Hailing from Alaska and based primarily in Los Angeles, The Lives of Famous Men have just released their new album Greener Pasture Blues. The record’s seven tracks are themed around coming to terms with the fact that external change isn’t a shortcut to internal change, an idea reflected in the Motown-inspired lead single “Darling Come Home”. Through storytelling rich with allusions and wordplay, and a sound that’s more driving and focused than ever, Greener Pasture Blues finds The Lives of Famous Men in top form.
We caught with vocalist Daniel Hall to chat about the new album and playing for Jimmy Kimmel.
Hi Daniel! How’s everything going right now?
Hey Paul! Things are going well – we just released our new record, and it’s exciting to let it out into the world. We finished mixing a few months back, so it’s felt a little like keeping a secret you really want to tell people.
What classic album cover art is your current mood?
David Bowie – Diamond Dogs
Your new album Greener Pasture Blues is out next week. When and where did you write and record it?
We actually started writing a few of the songs more than a decade ago, back when we were all living in Portland, but most of them took shape over the past year. We all live in different cities these days, so we made a couple of trips out to Philly where our drummer Dylan has a studio, and we demoed about a dozen songs there. We worked with producer Alex Newport to refine the 7 that felt like they fit together and told a story, then recorded these over the course of two weeks this summer at his studio in Joshua Tree.

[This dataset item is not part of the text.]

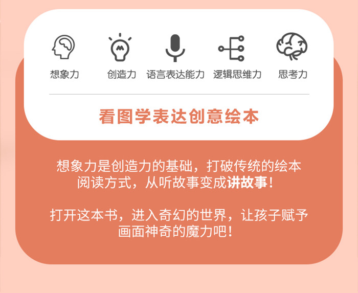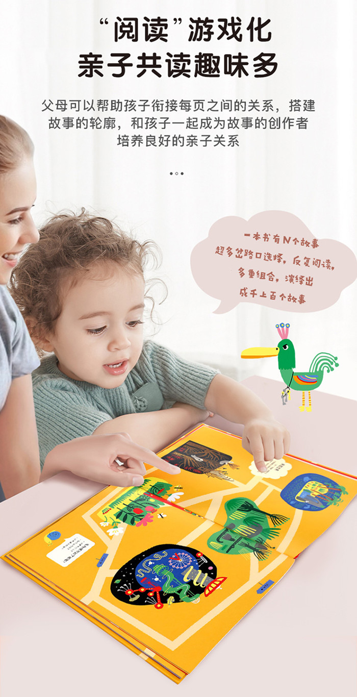 1. 这是一本属于孩子自己的故事书。没有固定的情节和表述,它给孩子提供了一个自由创作的空间,他们完全可以选择自己喜欢的角色和场景来创作故事。充分锻炼孩子的想象力和表达能力。 2. 这本书能够引起孩子看图学表达的兴趣。本书由13个主题单元构成故事的开端、发展、高潮和结尾。孩子选择主角后,就可以开始一段精彩纷呈的口头作文之旅。 3. 如果孩子不知道改怎么讲述故事,每个单元的右下角都有一个阅读指引,帮助孩子理清思路,顺利讲出一个妙趣横生的故事。 4. 这是一本很适合亲子阅读的书,父母可以帮助孩子去衔接每页之间的关系,和孩子一起搭建故事的轮廓,和孩子一起做故事的创作者。培养良好的亲子关系。

I read that you had started writing your first single “Darling Come Home” over 15 years ago. Why was this album the right record for its release and how different does it sound from the original you worked on?

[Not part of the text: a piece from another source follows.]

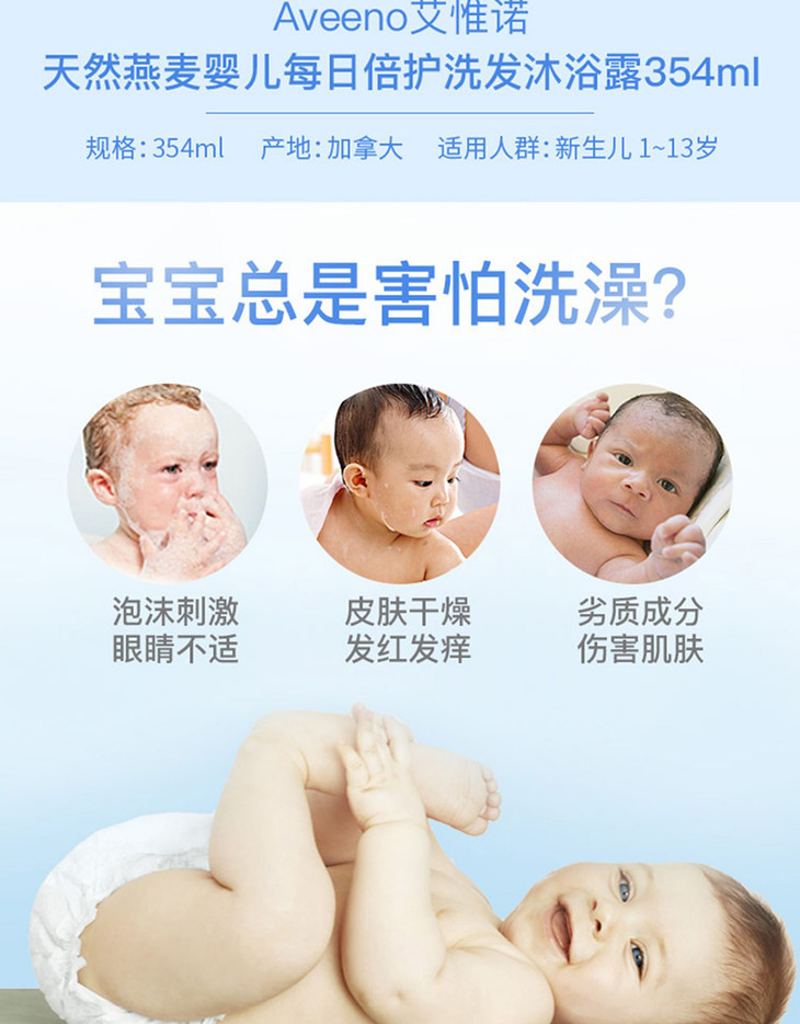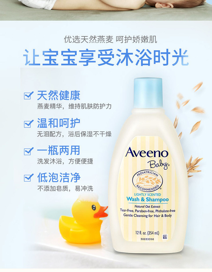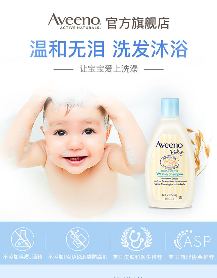 艾惟诺aveeno婴儿每日倍护洗发沐浴露354ml

Yeah, we wrote Darling back in our touring days – it was even a staple of our live set, but didn’t fit the sound of the record we were working on at the time, so we shelved it and then kind of forgot about it. I think this new album was the right home for it because the song is about the struggle to be present, which is a theme that runs throughout Greener Pasture Blues. We changed the key and wrote a new bridge, but aside from that, it really hasn’t changed too much.
If you could only listen to one record, what would it be?

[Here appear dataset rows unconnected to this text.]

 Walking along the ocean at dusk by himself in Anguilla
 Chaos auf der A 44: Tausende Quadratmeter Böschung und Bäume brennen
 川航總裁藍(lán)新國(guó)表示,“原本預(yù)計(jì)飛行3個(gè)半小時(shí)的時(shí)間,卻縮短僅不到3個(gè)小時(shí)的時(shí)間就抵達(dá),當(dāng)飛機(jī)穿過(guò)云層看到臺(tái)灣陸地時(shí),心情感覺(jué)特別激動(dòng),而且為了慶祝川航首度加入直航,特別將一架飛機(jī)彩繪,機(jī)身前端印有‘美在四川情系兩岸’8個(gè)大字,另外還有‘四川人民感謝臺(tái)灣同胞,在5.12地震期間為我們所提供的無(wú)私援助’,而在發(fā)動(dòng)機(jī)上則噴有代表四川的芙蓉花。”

Death Cab for Cutie – Transatlanticism
You released a lot of music between 2007 and 2010 and then nothing until 2020’s Field Memory. What happened during that time?
It sounds cliché, but life happened. I think we were all feeling a little burned out after three years of touring, and we just needed to experience other things. In that time, we each found our own path – studying, moving around, exploring other creative outlets, starting families – and we each sort of came back to this music at the same time. I think we needed some time away to rediscover our appreciation for the project, and for each other.
You got to perform on Jimmy Kimmel Live in 2009 after winning a contest which also got you a feature in SPIN magazine. Were you able to enjoy the experience and what would you do differently if you had the chance?
Our 15 minutes of fame, hehe. We’d made a video for our song “You’re Everyone I Know Right Now” and entered it into this virtual battle of the bands to play on Kimmel, but I don’t think we ever really thought it would be us on that stage. The whole thing was pretty surreal, but it was a lot of fun.
How and where did the band meet and did you bond over any common musical heroes?
We all grew up in Anchorage, Alaska, so a few of us met in elementary school, but it was really the local music scene that brought us together – in our teens we all played in different, alternative and metal bands, so our musical heroes were artists like the Deftones (who I still rock every once in a while).
What would go on your signature pizza and what would it be called?
This was the subject of some debate – when we were recording the album, probably the biggest disagreement we had was not a creative one, but what kind of pizza we wanted to order. That said, our pie would be called the Hawaiian Crunch: half ham and pineapple, half mozz and popcorn with smoked paprika and a buttery drizzle.
What do you have planned for 2024?
We’re already working on the next batch of songs, so in the short term the plan is to get back out to Philly for another round of demos. We’ve talked about trying to play some shows, but that gets tricky with us all being so spread out. I feel like we’re in a good creative flow though, so I just want to keep that going.
The band are made up of Daniel Hall (vocals), Ari Katcher (guitar), Dylan Mandel (drums/percussion), Andrew Totemoff (bass) and Jason Wahto (keys/programming). Since forming in 2007, The Lives of Famous Men has collaborated with producers including James Paul Wisner (Paramore), Casey Bates (Portugal. The Man), and Paul Q Kolderie (Radiohead). Their single Annie Taylor became an unexpected club hit when it was remixed by The Angry Kids, and their song Orchids has been a fan favorite ever since it featured prominently in Jennette McCurdy’s short film Strong Independent Women.